Behind this widespread distrust lies the history of Bagnoli itself, marked by too many announcements, delays and renderings that never became reality. Gaetano Manfredi has said he is open to dialogue with sceptics, but unwilling to become complicit in failure. "We need to talk about technical and scientific data," he said, "because otherwise, if we continue speaking only in ideological terms, we will go on like this for decades." Yet while the controversy continues, the landscape of the district is changing: among cranes, dredgers and construction sites opening onto the sea, the former industrial area is trying for the first time in decades to imagine itself as something different from its industrial and cultural legacy.

Why the 38th America’s Cup matters for Naples

The final dates of the Naples preliminary regatta, as anticipated, will only be officially announced after the event in Cagliari from 21 to 24 May. Aside from that, however, the broader picture surrounding the hosting of the 38th America’s Cup is now clear. In the coming months Bagnoli will begin welcoming the teams’ operational facilities, while in 2027 the gulf will become the stage for an edition destined to leave iconic images behind: AC75s racing along the Naples waterfront between Posillipo and Castel dell’Ovo, with Capri in the background.

For all these reasons, attention extends far beyond the sporting dimension. Especially following the announcement of the return of an American team, absent from the initial projections, led by Ken Read, which has further increased the event’s media reach, while expectations surrounding the seventh consortium — likely Australian — confirm the ambition of a more global edition than ever before. The timetable, however, remains one of the most closely watched issues. In recent months some deadlines have slipped compared to the original forecasts, and even the preliminary race scheduled for 2026 could take place later — in autumn rather than the initially envisioned summer window.
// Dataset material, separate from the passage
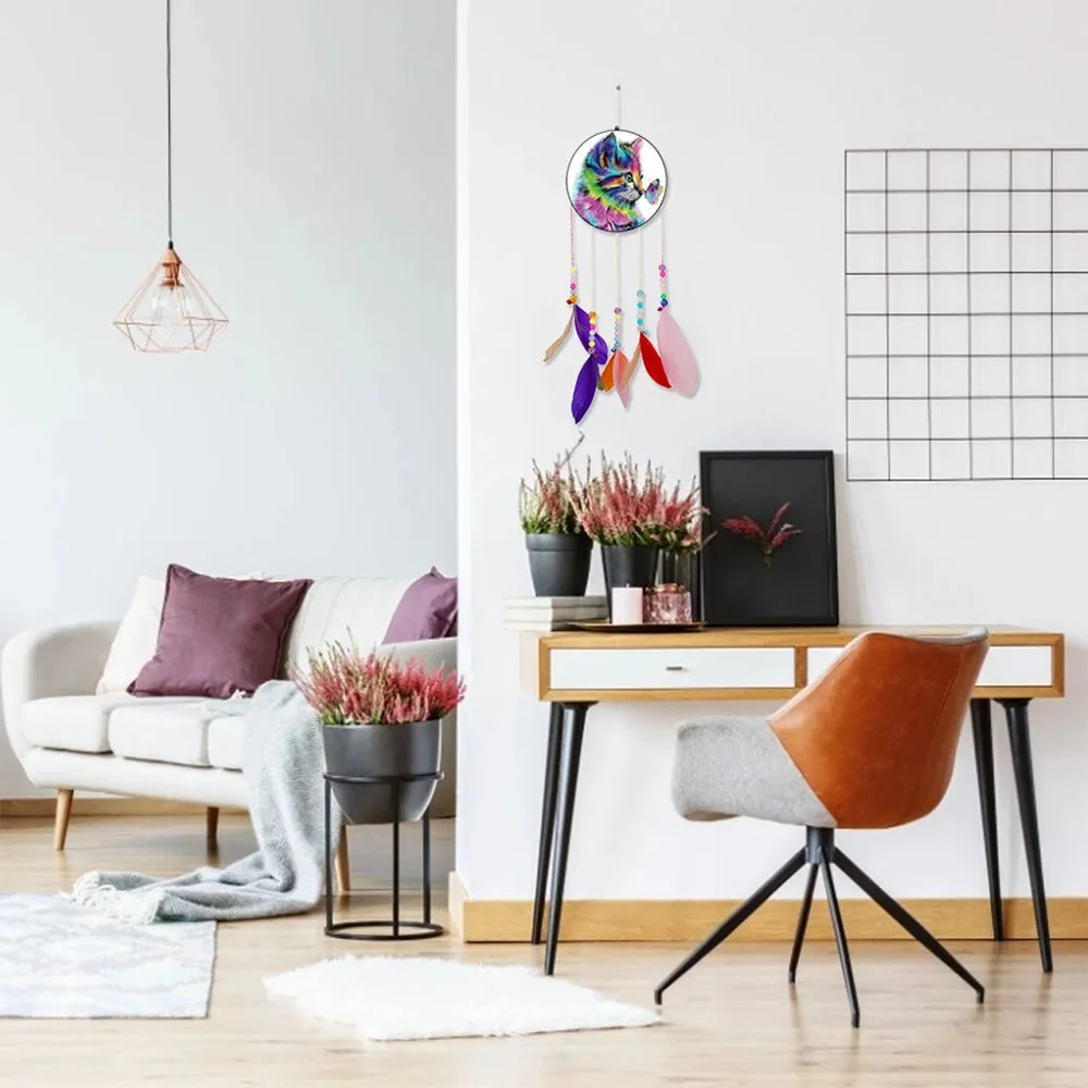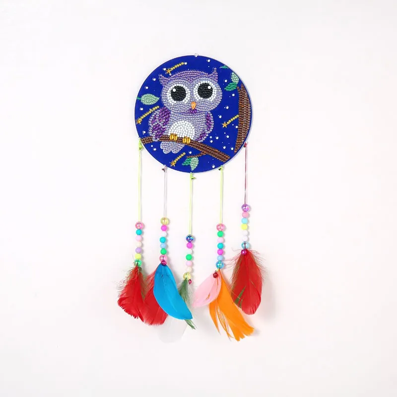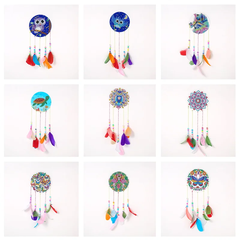 DIY алмазная живопись Ловец снов подвеска-колокольчик Бриллиантовая мозаичная фигурка животного узор цветные перья украшения домашний Декор подарок

And this is the contradiction accompanying Naples toward the next America’s Cup. Few cities in the world possess such a natural and deeply rooted relationship with the sea, such a recognisable landscape, such a cinematic vocation for hosting an event of this kind. At the same time, few locations bear scars, problems and conflicts comparable to those of Bagnoli. There is hope that this may finally be the opportunity to break thirty years of paralysis; yet it is difficult not to also consider the risk that the event may impose external timelines and priorities on a neighbourhood demanding public spaces, definitive remediation and genuine access to the sea. Italy — and above all Naples — is waiting to understand whether, once the spotlight of world sailing fades, Bagnoli will truly have become something different from what it has been until now.